If a sustained cyber attack took out the UK’s power supply, or telecommunications infrastructure, the effects would be felt by entire swatches of the country causing wide-spread troubles.
We can all help keep our systems safe
We all have a part to play in keeping the systems we use safe and secure – good cyber hygiene will help ensure cyber criminals don’t have easy access to the systems we use and the data within them.
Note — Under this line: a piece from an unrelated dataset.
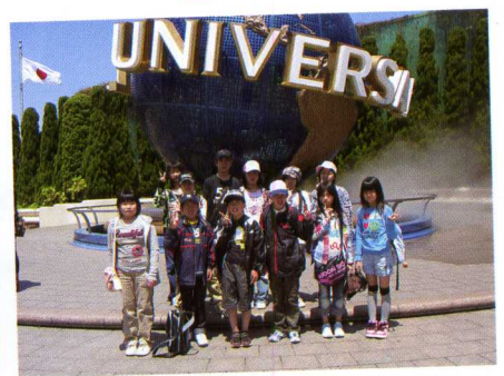
ユニバーサル・スタジオ・ジャパン

Reporting suspicious activity to IT departments, or the police helps ensure nefarious activity is quickly identified and stopped.
Being cautious with email messages asking for information, or those containing links or attachments, by following the guidance for password policies, by being suspicious of “too good to be true” offers, by keeping the systems we use up to date and patched, By not using accounts with high privilege levels, By having a backup policy for critical data, we can all help to keep the systems we use safe and secure against attackers.